Not sure if sub-extractors is the way for this

Hi, I need to refresh my ScreenScraper knowledge, cause I used it long time ago. Could you tell me what is the best way for scraping this kind of html:

<tr>
<td>Title 1</td>
<td>Amount 1</td>
<td class='catcell'><small>Category 1<br />
Category 2<br />
Category 3<br />
</small></td>
</tr>

<tr>
<td></td>
</tr>

<tr>
<td>Title 2</td>
<td>Amount 2</td>
<td class='catcell'><small>Category 1<br />
Category 2<br />
</small></td>
</tr>

<tr>
<td></td>
</tr>

<tr>
<td>Title 3</td>
<td>Amount 3</td>
<td class='catcell'></td>
</tr>

In order to have:

Title1
Amount 1
Category 1, Category 2, Category3

Title 2
Amount 2
Category 1, Category 2

Title 3
Amount 3

As you can see, the difficulty comes from the fact that each record sometimes has several categories, and sometimes no category

Thank you,
Boga

What you need is

What you need is scrapeableFile.extractData. I think the example on the page should get you started.

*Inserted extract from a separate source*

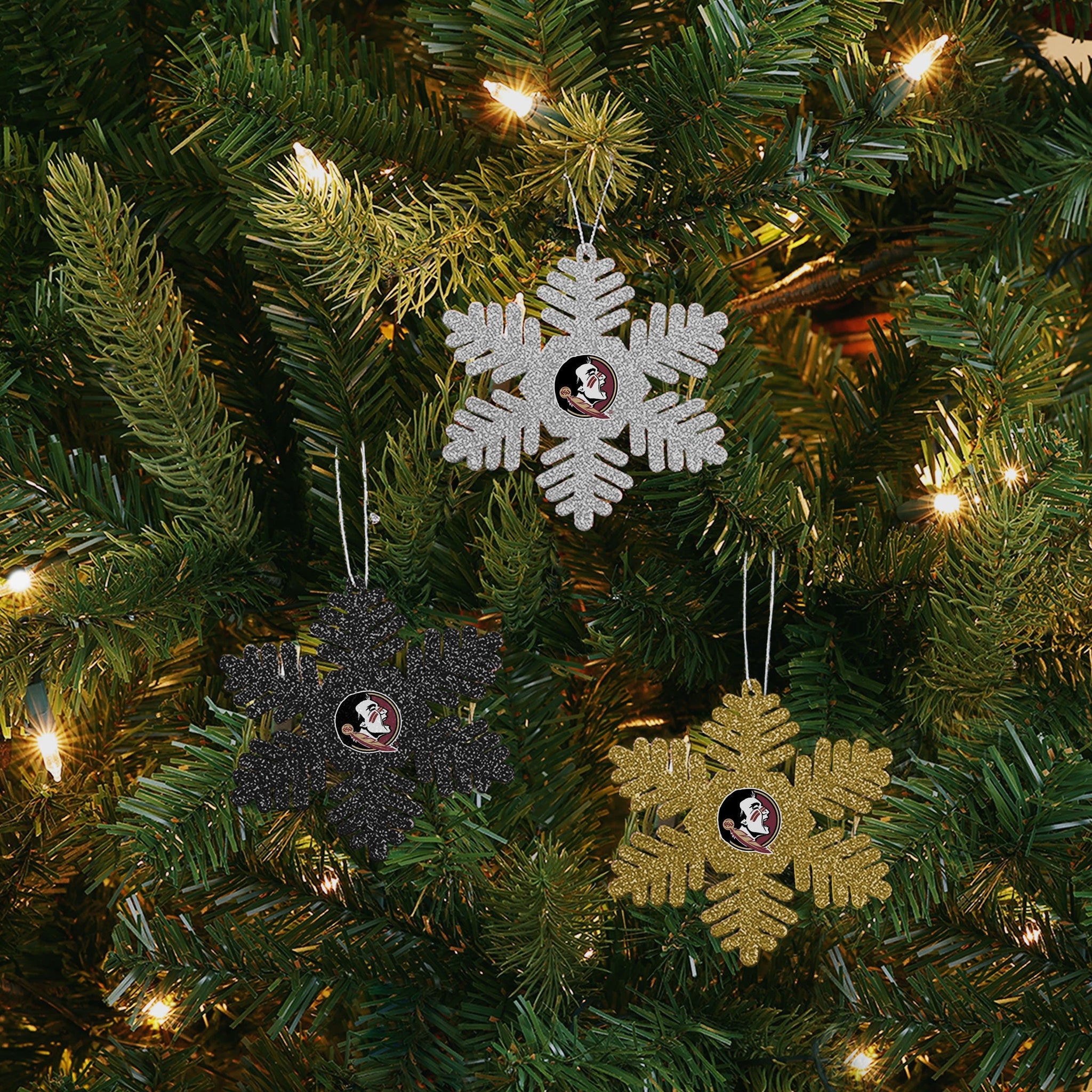 One half "Let it Snow", one half "Go Team Go!" This holiday season, let your team spirit AND holiday spirit shine by proudly displaying this Florida State Seminoles 3 Pack Metal Glitter Snowflake Ornament!
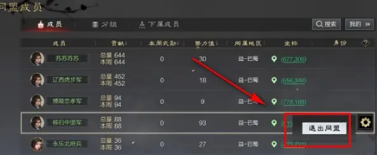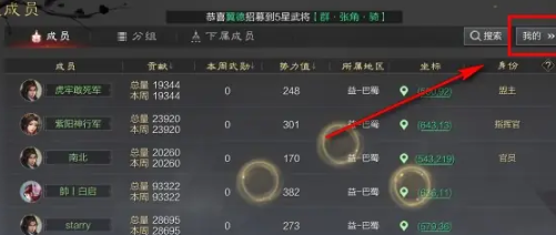 3、接著在成員列表中點擊我的,即可定位到自己在同盟中的信息

It might, however be easier

It might, however be easier to parse the categories in a script. Depends on how you want it stored in the end though.

hey thanks. Not sure what you

hey thanks. Not sure what you mean by maybe being easier to parse categories in a script.

The end result will be written to a database and I think that it will be best to write one database row per category, so in my example I would want to end up with this in the database table:

Title      Amount     Category
-----      ------     ----------
Title 1    Amount 1   Category 1
Title 1    Amount 1   Category 2
Title 1    Amount 1   Category 3
Title 2    Amount 2   Category 1
Title 2    Amount 2   Category 2
Title 3    Amount 3   NULL

So I might make an extractor

So I might make an extractor that looks like:

<tr>
<td>~@TITLE@~</td>
<td>~@AMOUNT@~</td>
<td class='catcell'>~@CATEGORIES@~</td>
</tr>

Then on each pattern match, run a script that is something like this:
String fixString(String value)
{
        if (value != null)
        {
                value = sutil.convertHTMLEntities(value);
                value = value.replaceAll("<[^<>]*>", " ");
                value = value.replaceAll("\\s{2,}", " ");
                value = value.trim();
        }
        return value==null ? "" : value;
}

dm = session.getv("_DM"); // Connection to the dataManager

cats = dataRecord.get("CATEGORIES");
if (!sutil.isNullOrEmptyString(cats))
{
        cata = cats.split("<br />");
        for (i=0; i<cata.length; i++)
        {
                cat = fixString(cata[i]);
                dm.addData("table", fixString(dataRecord.get("TITLE")));
                dm.addData("table", fixString(dataRecord.get("AMOUNT")));
                dm.addData("table", cat);
                dm.commit("table");
                dm.flush();
        }
}
else
{
        dm.addData("table", fixString(dataRecord.get("TITLE")));
        dm.addData("table", fixString(dataRecord.get("AMOUNT")));
        dm.commit("table");
        dm.flush();
}

wow. That is a hell of a

wow.

That is a hell of a tutorial you gave me here. I am really thankful... I will slowly digest it soon to properly understand and learn each bit and modify it to my willing :-)

Thanks!
Boga